The present findings provide practical implications for clinical FFA acquisition and the deployment of intelligent DR analysis systems. First, optimization of acquisition timing: Venous or recirculation-phase images are recommended as the preferred data source for constructing intelligent DR staging models. Second,phase labeling in clinical deployment: In clinical computer-aided diagnostic systems based on FFA, the contrast diffusion phase of input images should be explicitly recorded. For late-phase images, the system may appropriately reduce prediction confidence output and provide clinical risk prompts to facilitate comprehensive clinician judgment. Third, multi-phase mixing in model training: Model performance of combined phase groups fell between that of single venous and late-phases, suggesting that incorporating multi-phase FFA images into training datasets can effectively enhance cross-phase generalization and model robustness.
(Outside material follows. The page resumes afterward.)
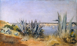 Obra invulgar no conjunto das que pintou, revela uma preocupação com valores plásticos relativamente alheios. Os planos que constituem as paredes e telhados do casario em torno do campanário são sintéticos e prescindem de um sentido descritivo em favor de uma construção analítica. O seu desenvolvimento exibe uma ocupação extensiva do espaço, sugerido como somatório de parcialidades. As gradações do branco crescem de intensidade à medida que se aproximam do céu de cor azul-chumbo. No primeiro plano, espaço vazio oferecido à luminosidade, dois elementos vêm enfatizar a ideia de luz: um chapéu de sol e uma sombra sobre o branco de um muro.

Several limitations of this study should be acknowledged. First, all data were retrospectively collected from a single medical center. Despite the large sample size, geographical and device homogeneity may limit the external generalizability of the conclusions. Future multicenter prospective cohort studies are required for further validation. Second, this study only qualitatively explored the mechanism of lesion masking by late-phase leakage, without quantitative lesion-level evaluation, such as dynamic curves of microaneurysm detection rate across continuous diffusion time points. Moreover, the continuous dynamic FFA process was discretized into three independent phase subgroups in this work. Advanced strategies including temporal attention mechanisms and video-level sequential modeling were not investigated, which represents a valuable direction for future research to enhance model comprehension of dynamic FFA angiographic sequences.